Giselle Beiguelman, artista e professora de design da Faculdade de Arquitetura e Urbanismo da Universidade de São Paulo, concorda com essa concepção e nos chama atenção para um fator geracional: “um dos grandes problemas atuais é a criação cedendo espaço à produtividade em escala fordista, isso é muito cruel mais ainda para artistas da minha geração, porque essa lógica produtivista pressupõe a juventude eterna”.

Como o mercado de arte tem recebido a tecnologia?

O número de exposições de arte artificial em galerias tem sido crescente em todo o mundo. Em 2019, o Barbican em Londres apresentou uma exposição inteiramente dedicada a destacar o potencial da IA no mundo da arte sob o título AI: More Than Human, apresentando obras de artistas, cientistas e pesquisadores.

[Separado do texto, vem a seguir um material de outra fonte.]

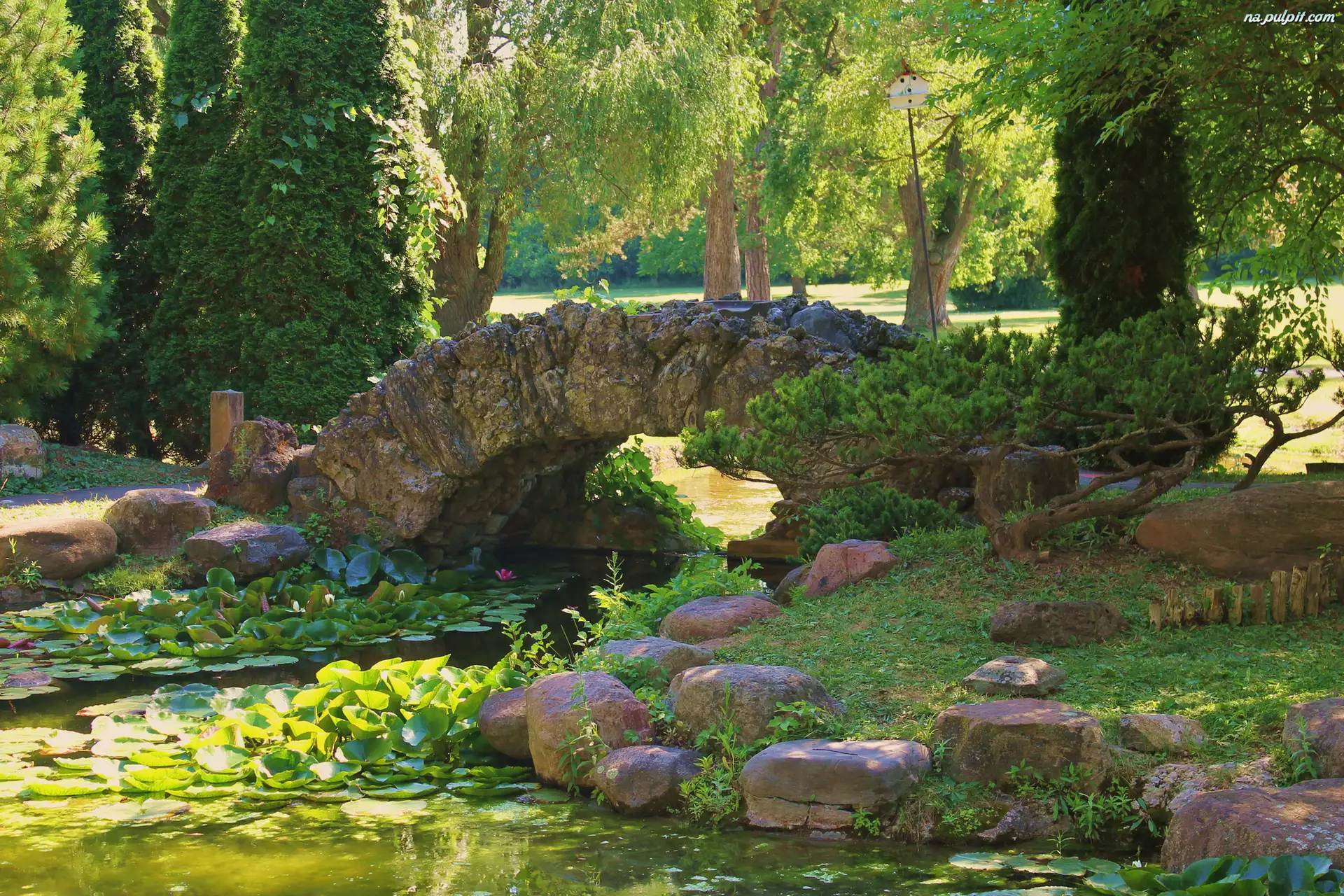 Drzewa, Staw, Kamienie, Park, Mostek, Kamienny, Lilie wodne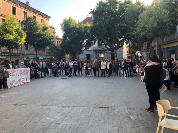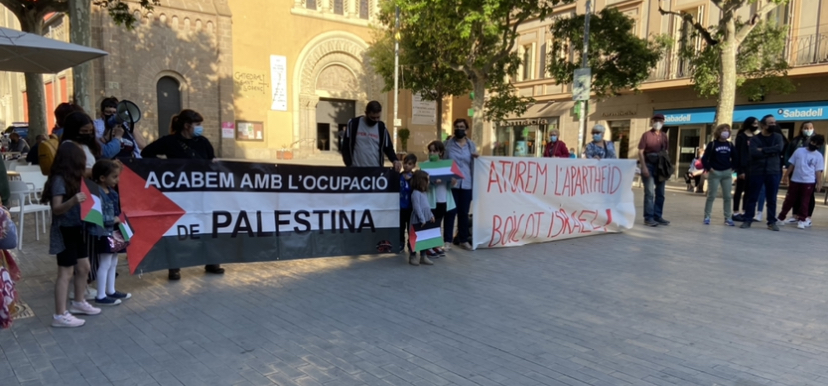 A l’entorn de dues pancartes que criticaven l’apartheid promogut per Israel i exigien acabar amb l’ocupació de Palestina, es varen escoltar dos testimonis directes de persones afectades per la violència del govern de Netanyahu i es va llegir un manifest de la “Coalició Prou Complicitat amb Israel” que demana a les institucions espanyoles i catalanes que apliquin un boicot a Israel.

Outras também pipocaram por aqui e ali, mas em geral, essas exposições preliminares foram recebidas com cinismo por críticos, colecionadores e jornalistas.

Fato é que, desde o surgimento da videoarte, o mercado evoluiu muito pouco e ainda não abraça completamente obras feitas em ambiente virtual. Basta tirarmos alguns minutos para tentar lembrar de alguma obra feita com Inteligência Artificial que esteve presente nas grandes feiras de arte para comprovarmos isso. Em entrevista para a Casa Vogue, Fernanda Feitosa, fundadora da feira SP-Arte levanta alguns pontos relevantes: “[o circuito de arte] ainda carece de uma filtragem de obras de qualidade feitas e pensadas de fato para o digital. E na minha modesta opinião, carece também de um público quantitativo interessado em ter obras digitais em casa.”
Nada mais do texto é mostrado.